The revelation in the conference paper was that a network that contained only attention layers outperformed all existing networks for processing language. These networks, known as transformers, capture information about the way the association between a word, or rather its embedding, and the target in a given task, for example, a candidate to be the next word, is altered by the words around it, including those some distance away. When a transformer is trained to predict missing words in millions and millions of sentences, the network acquires a representation not just of the meanings of the individual words but of larger semantic structures.

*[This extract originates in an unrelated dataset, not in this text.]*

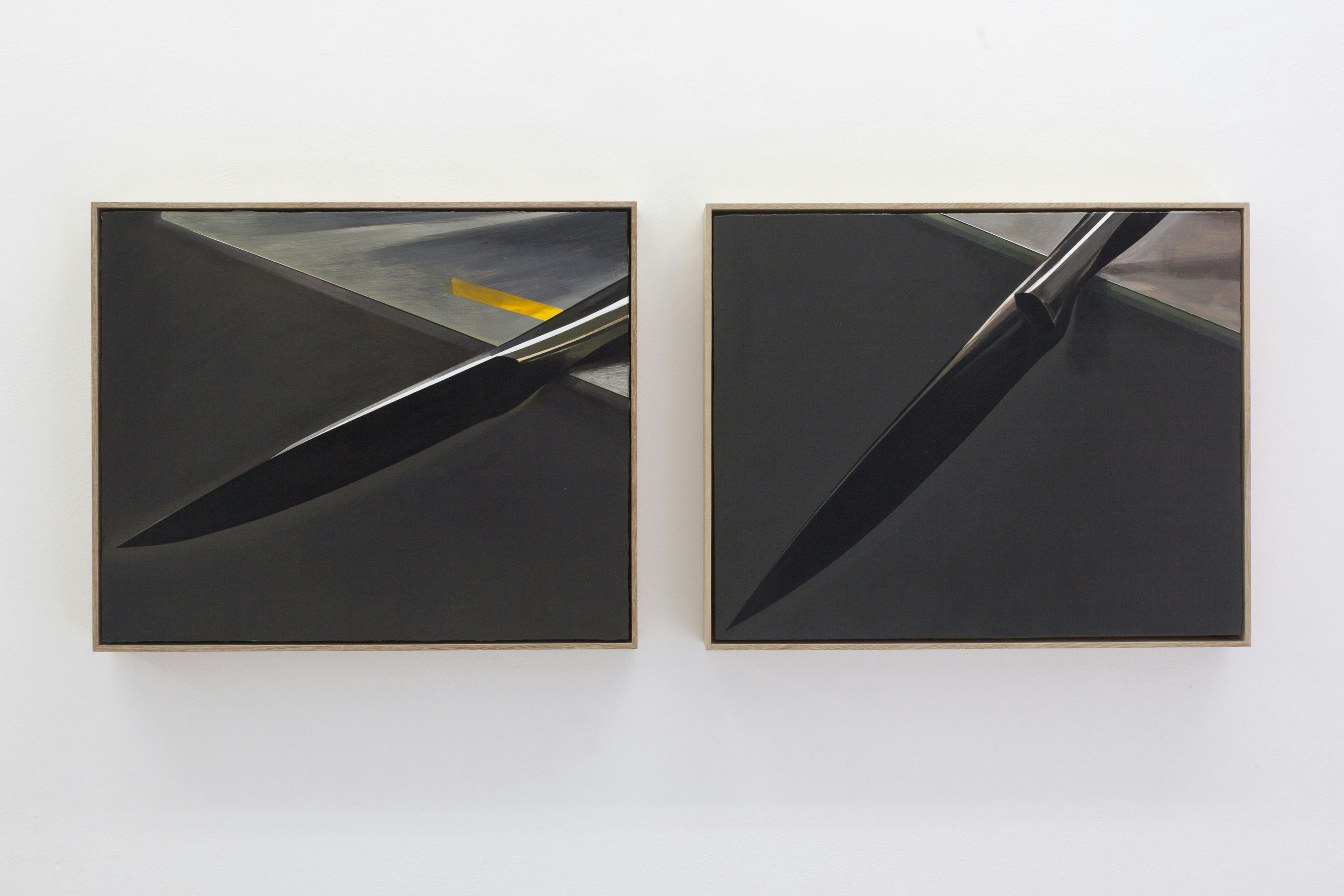 Zhan Chong, Untitled, 2024, acrylic on wood, two panels, 40 x 50 cm each

OpenAI, a company co-founded by Elon Musk and now part-owned by Microsoft, started using transformers to develop Large Language Models in 2018. The most recent, GPT-3, released in May 2020, was trained on 45 terabytes of text data and has 175 billion parameters. The journalists and scientists who were given access to it were amazed at the fluency of the text it generated in response to simple requests or queries. The most exciting thing, for the team developing it, was that GPT-3 could tackle tasks it hadn’t been trained to do. A standard approach in machine learning is to train a network on a simple task for which a vast amount of data is available – GPT-3 was trained on the task of predicting a missing word in a sentence – and then use that trained network as the starting point for a more specialised task, fine-tuning it on a smaller amount of data. The unexpected thing about GPT-3 was that no fine tuning was necessary. Like a human being, it could learn tasks when it had seen only one or two examples.

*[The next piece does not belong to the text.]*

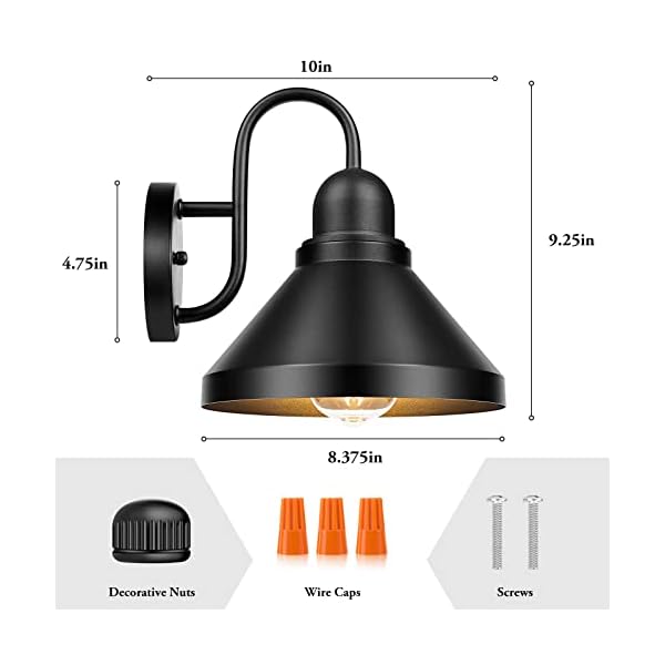 Brightever Gooseneck Outdoor Light Fixtures, 2-Pack Farmhouse Barn Lights for Porch, Industrial Black Exterior Wall Sconce for Garage, Patio, E26 Base Anti-Rust, Bulb not Included

OpenAI recruited volunteers to play with GPT-3 and rate its responses to questions. This allowed it to train a chatbot using reinforcement learning, the class of algorithms used to develop strategies and the method employed by DeepMind to master games such as Go and chess. ChatGPT is so good at generating convincing answers it is easy to forget that it is a model of language and not a source of wisdom. When I asked it to explain why nurses shouldn’t go on strike, it lucidly stated the ways in which a nurses’ strike might lead to public harm. I then asked it to argue the opposite position, but it managed the dialogue by again suggesting that, in fact, nurses shouldn’t strike. The point isn’t that it has a right-wing bias, although it might, it’s that it only has access to a synthesis of things that have been written, and is trying to have a dialogue that previous users would have rated as successful. I logged in again later and asked if nurses should go on strike: ‘It is not for me to say whether nurses are right or wrong to go on strike. The decision to go on strike is a complex one that depends on a variety of factors, including the specific circumstances and reasons for the strike.’ When I asked if there were circumstances in which nurses should go on strike, it cited issues of patient safety.

ChatGPT is good at providing succinct, articulate responses to clearly framed questions on matters about which there is a reasonable amount of published material. That’s why it can answer the kinds of question you might find on an exam paper. Even though my university has returned almost completely to face to face teaching, exams have so far stayed online. My students have just sat the exam with the questions I got ChatGPT to answer, but I’ve no way of knowing whether they also used it. When I mark it, I might be able to spot a resemblance between the answers ChatGPT generates and a student’s submission, but the algorithm responds differently to each interaction, so they won’t get the same answer I did. Plagiarism checkers are no use. Next year we will have to set a different kind of exam or bring the students into an exam hall and deprive them of internet access. I suppose we will have to think differently about written assignments too.

Most people don’t have to worry just yet. ChatGPT can write something that reads like a newspaper article, draft a vanilla press release or make a plausible attempt at a legal agreement, but although the content is sensible enough, it isn’t based on a detailed knowledge of events, individuals or their circumstances. Don’t get too comfortable though: GPT-4 is due to be released later this year.